- [Assignment]:
Every entry below should be transcribed exactly; pictures stay out of the copy.

*-*-*

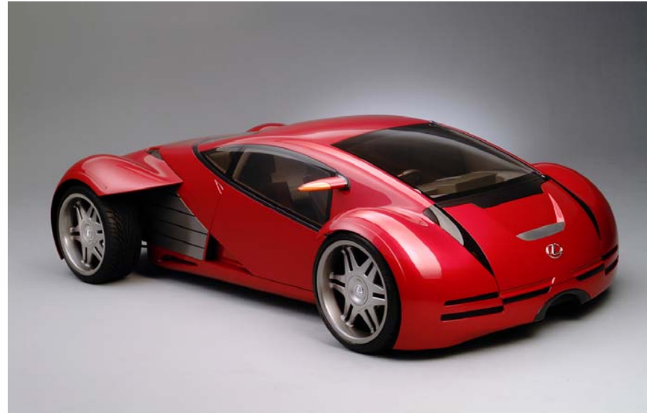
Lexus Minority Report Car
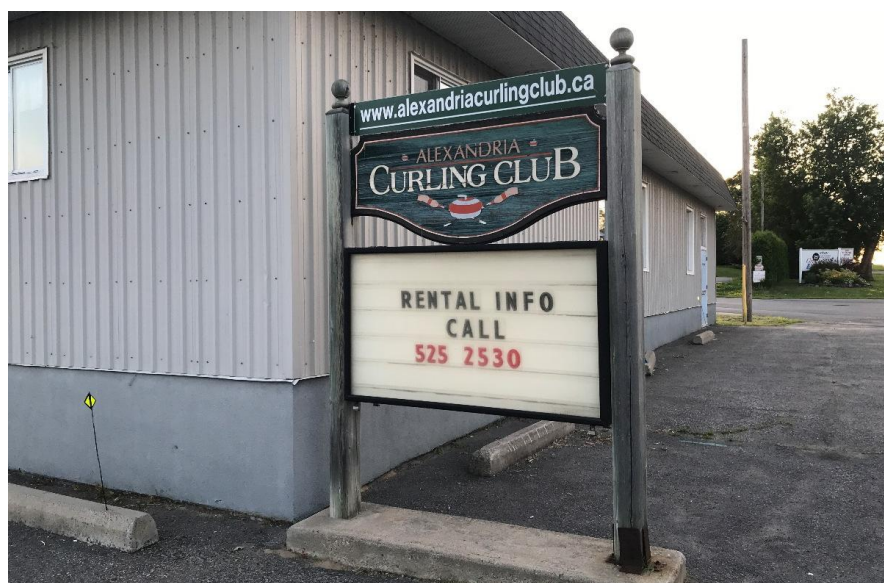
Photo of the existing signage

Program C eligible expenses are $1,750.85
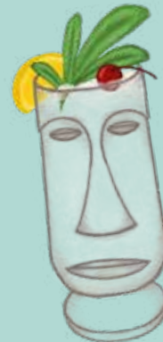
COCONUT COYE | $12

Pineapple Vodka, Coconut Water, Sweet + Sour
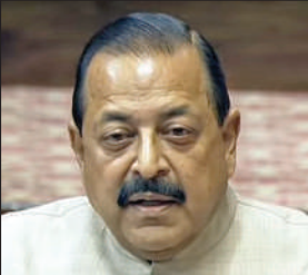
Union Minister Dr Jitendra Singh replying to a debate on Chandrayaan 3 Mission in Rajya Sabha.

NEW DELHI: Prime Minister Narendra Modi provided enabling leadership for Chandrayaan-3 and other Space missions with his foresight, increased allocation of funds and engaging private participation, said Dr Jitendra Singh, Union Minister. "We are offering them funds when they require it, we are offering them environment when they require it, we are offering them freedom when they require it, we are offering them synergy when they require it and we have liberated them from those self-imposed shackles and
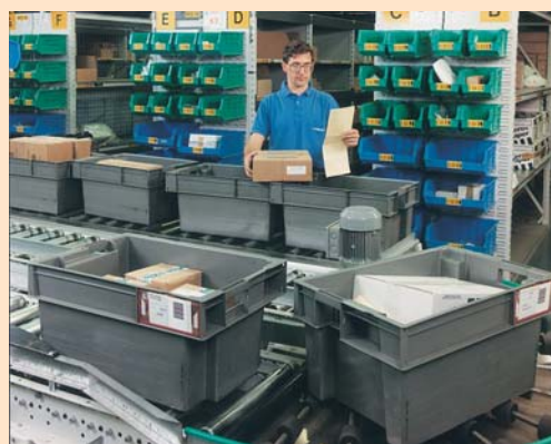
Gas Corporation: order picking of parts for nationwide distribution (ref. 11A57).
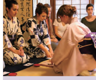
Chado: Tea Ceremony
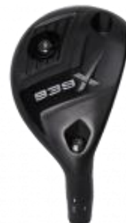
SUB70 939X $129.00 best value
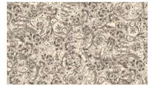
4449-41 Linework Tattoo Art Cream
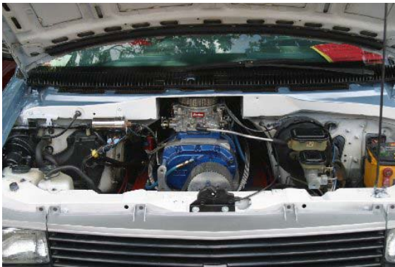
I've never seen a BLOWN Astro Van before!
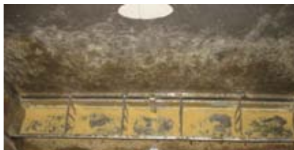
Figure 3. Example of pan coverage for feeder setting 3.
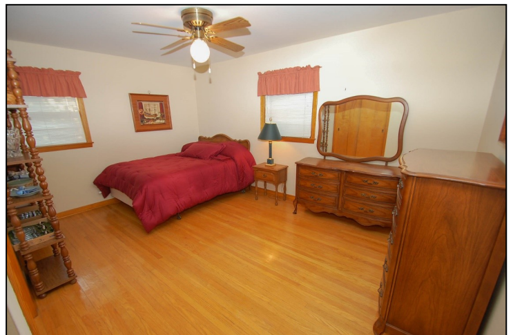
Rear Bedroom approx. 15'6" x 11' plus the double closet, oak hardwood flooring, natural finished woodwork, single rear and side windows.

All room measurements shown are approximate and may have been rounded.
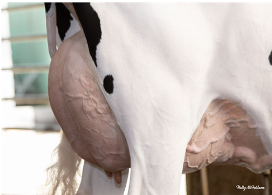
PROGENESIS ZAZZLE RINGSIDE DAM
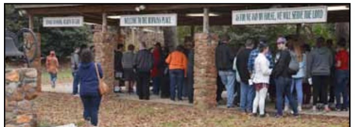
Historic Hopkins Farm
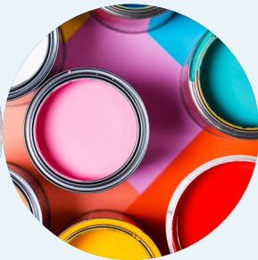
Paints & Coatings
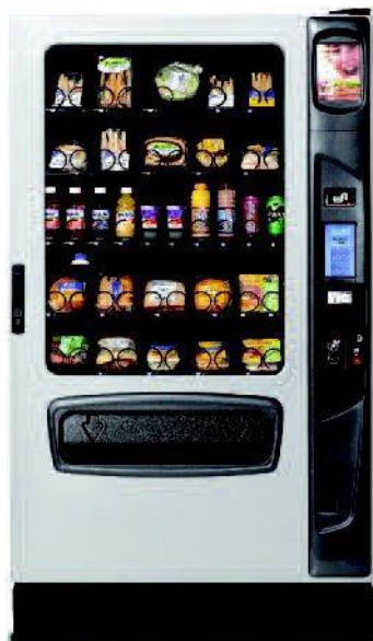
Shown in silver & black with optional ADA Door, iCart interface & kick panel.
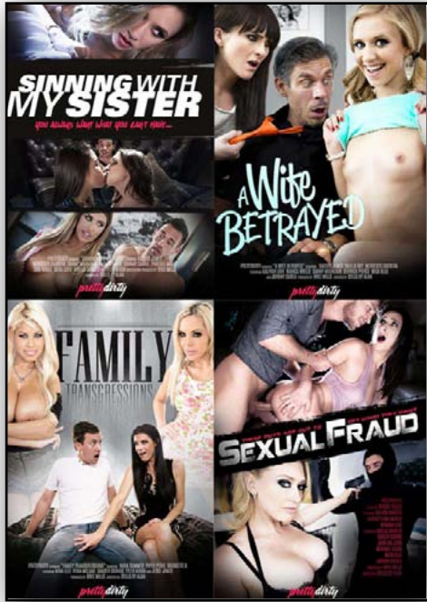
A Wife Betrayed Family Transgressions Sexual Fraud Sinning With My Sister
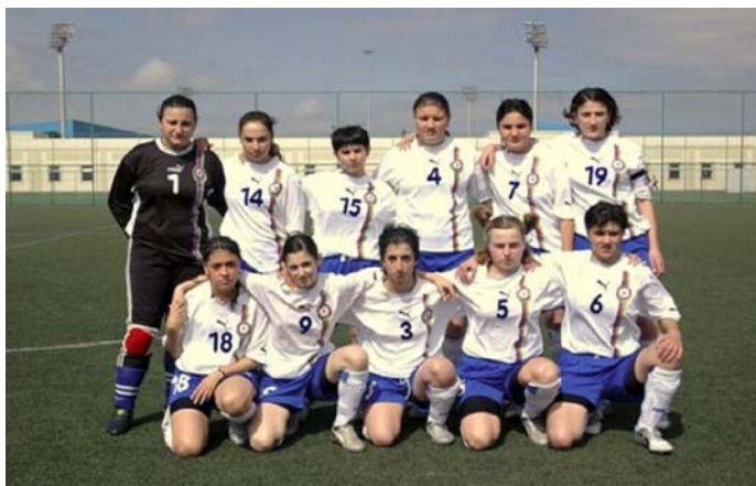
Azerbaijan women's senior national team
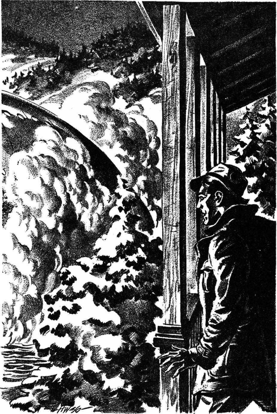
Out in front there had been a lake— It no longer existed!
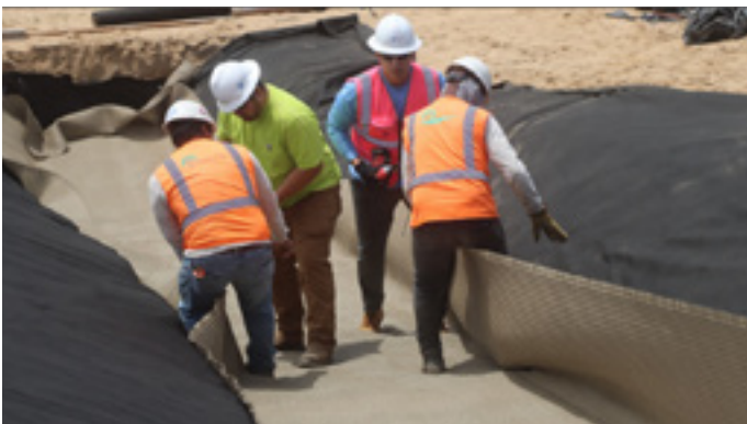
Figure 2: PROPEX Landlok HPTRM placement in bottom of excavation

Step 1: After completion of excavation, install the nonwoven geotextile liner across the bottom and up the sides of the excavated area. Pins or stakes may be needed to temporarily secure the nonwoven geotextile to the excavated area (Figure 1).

*-*-*

- [Reply to the task]:
Lexus Minority Report Car
Photo of the existing signage

Program C eligible expenses are $1,750.85
COCONUT COYE | $12

Pineapple Vodka, Coconut Water, Sweet + Sour
Union Minister Dr Jitendra Singh replying to a debate on Chandrayaan 3 Mission in Rajya Sabha.

NEW DELHI: Prime Minister Narendra Modi provided enabling leadership for Chandrayaan-3 and other Space missions with his foresight, increased allocation of funds and engaging private participation, said Dr Jitendra Singh, Union Minister. "We are offering them funds when they require it, we are offering them environment when they require it, we are offering them freedom when they require it, we are offering them synergy when they require it and we have liberated them from those self-imposed shackles and
Gas Corporation: order picking of parts for nationwide distribution (ref. 11A57).
Chado: Tea Ceremony
SUB70 939X $129.00 best value
4449-41 Linework Tattoo Art Cream
I've never seen a BLOWN Astro Van before!
Figure 3. Example of pan coverage for feeder setting 3.
Rear Bedroom approx. 15'6" x 11' plus the double closet, oak hardwood flooring, natural finished woodwork, single rear and side windows.

All room measurements shown are approximate and may have been rounded.
PROGENESIS ZAZZLE RINGSIDE DAM
Historic Hopkins Farm
Paints & Coatings
Shown in silver & black with optional ADA Door, iCart interface & kick panel.
A Wife Betrayed Family Transgressions Sexual Fraud Sinning With My Sister
Azerbaijan women's senior national team
Out in front there had been a lake— It no longer existed!
Figure 2: PROPEX Landlok HPTRM placement in bottom of excavation

Step 1: After completion of excavation, install the nonwoven geotextile liner across the bottom and up the sides of the excavated area. Pins or stakes may be needed to temporarily secure the nonwoven geotextile to the excavated area (Figure 1).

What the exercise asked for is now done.